17. An appellate court would interfere with the trial court’s sentence only where there exists, to a sufficient extent, circumstances entitling it to vary the trial court’s order. These circumstances were well illustrated in the case of Nillson v Republic [1970] E.A. 599, as follows:The principles upon which an appellate court will exercise its jurisdiction to review sentences are fairly established. The court does not alter a sentence on the mere ground that if the members of the court had been trying the appellant, they might have passed a somewhat different sentence and it will not ordinarily interfere with the discretion exercised by a trial Judge unless as was said in James v Rex (1950), 18 EACA 147, it is evident that the Judge has acted upon some wrong principle or overlooked some material factor.
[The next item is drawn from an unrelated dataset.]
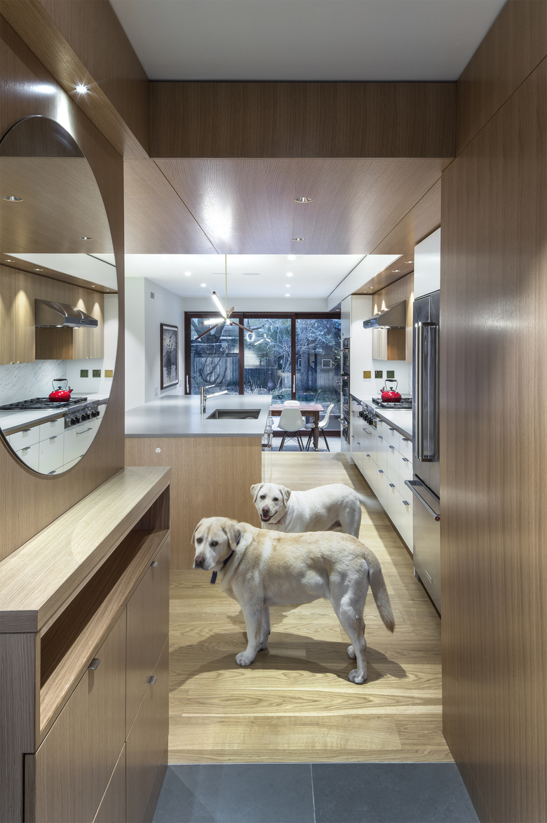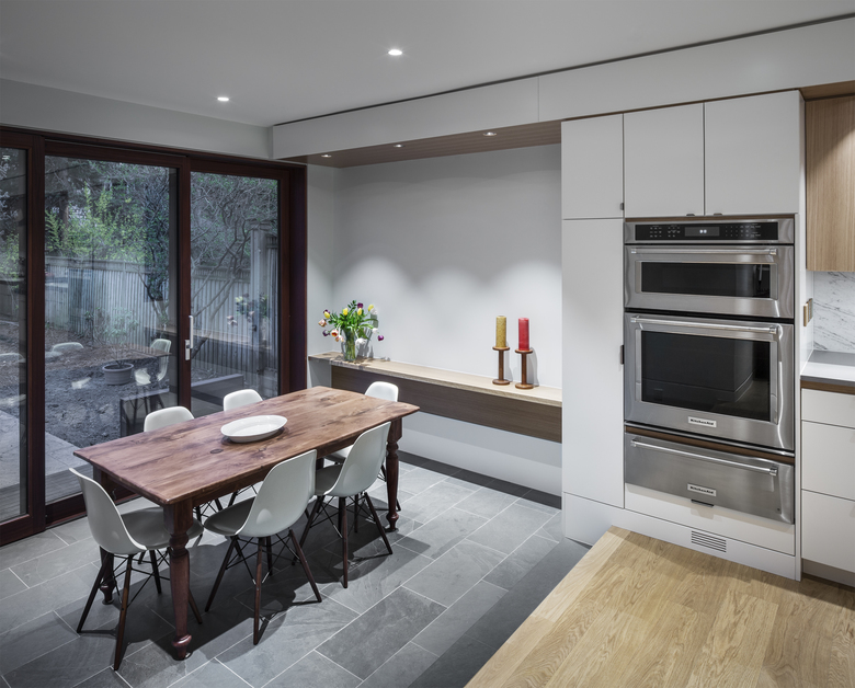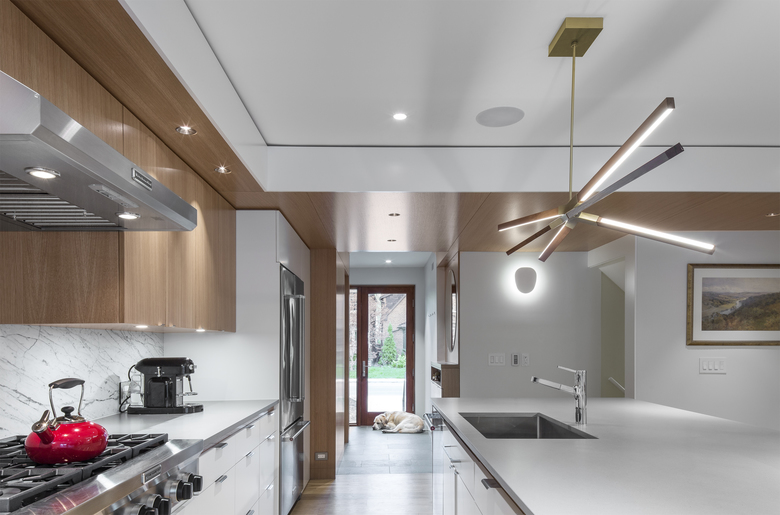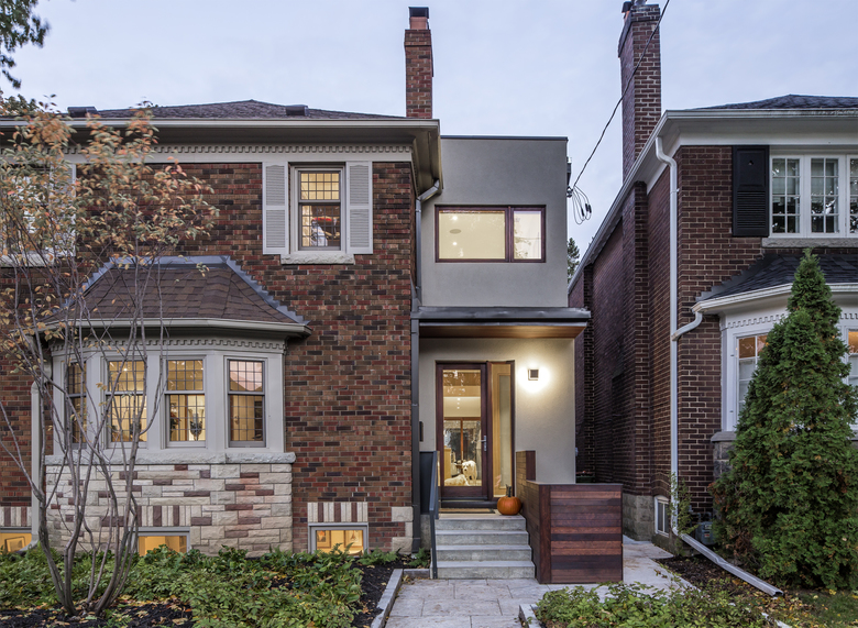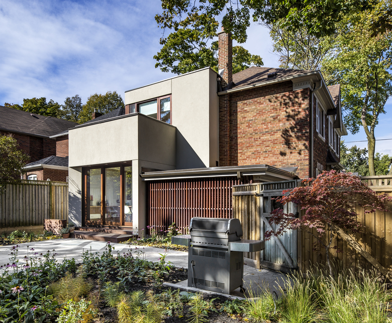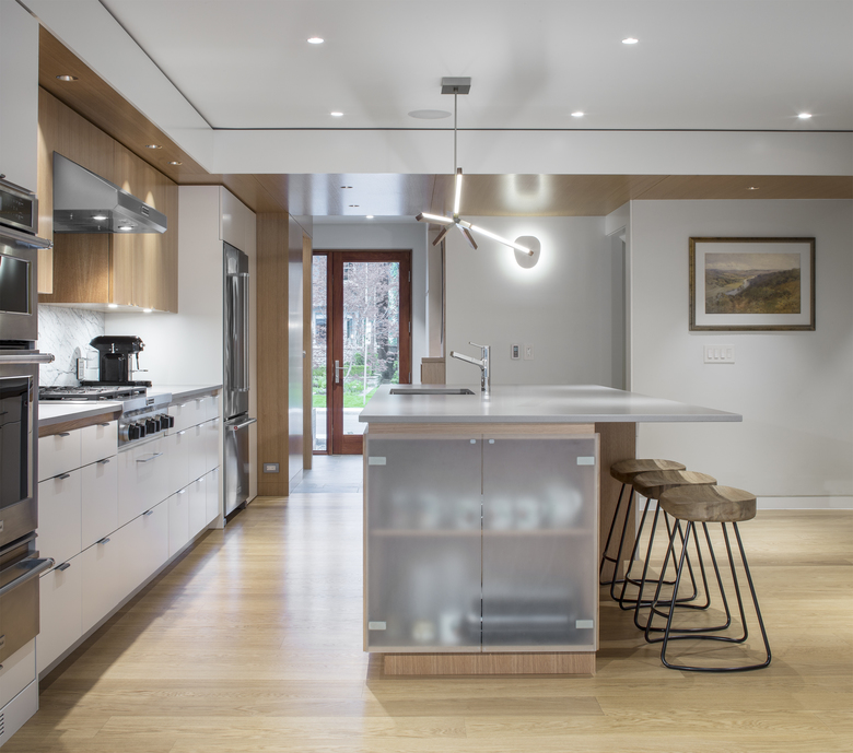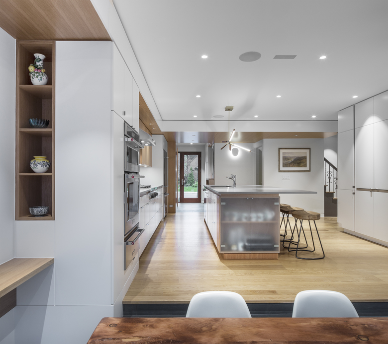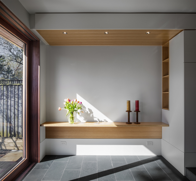 The owners of a traditional 1940s house on a large corner lot wanted a substantial renovation and addition that would open up their foursquare brick home and provide a contemporary but harmonious counterpoint to it. PLANT demolished a previous addition along the west side to create a new entry on the north that combines mudroom functionality with the polished but informal elegance of oak cladding. This entry leads into the spacious new kitchen, which in turn steps down to the new sunroom bordering the back patio.

To this, we would also add a third criterion, namely, that the sentence is manifestly excessive in view of the circumstances of the case. R v Shershewsity(1912) C.CA 28 T.LR 364.
18. The appellant was given the option of paying a fine. The fine imposed was commensurate to the offences, and I have not been persuaded that the learned trial magistrate acted upon some wrong principle or overlooked some material factor. The appeal is therefore dismissed.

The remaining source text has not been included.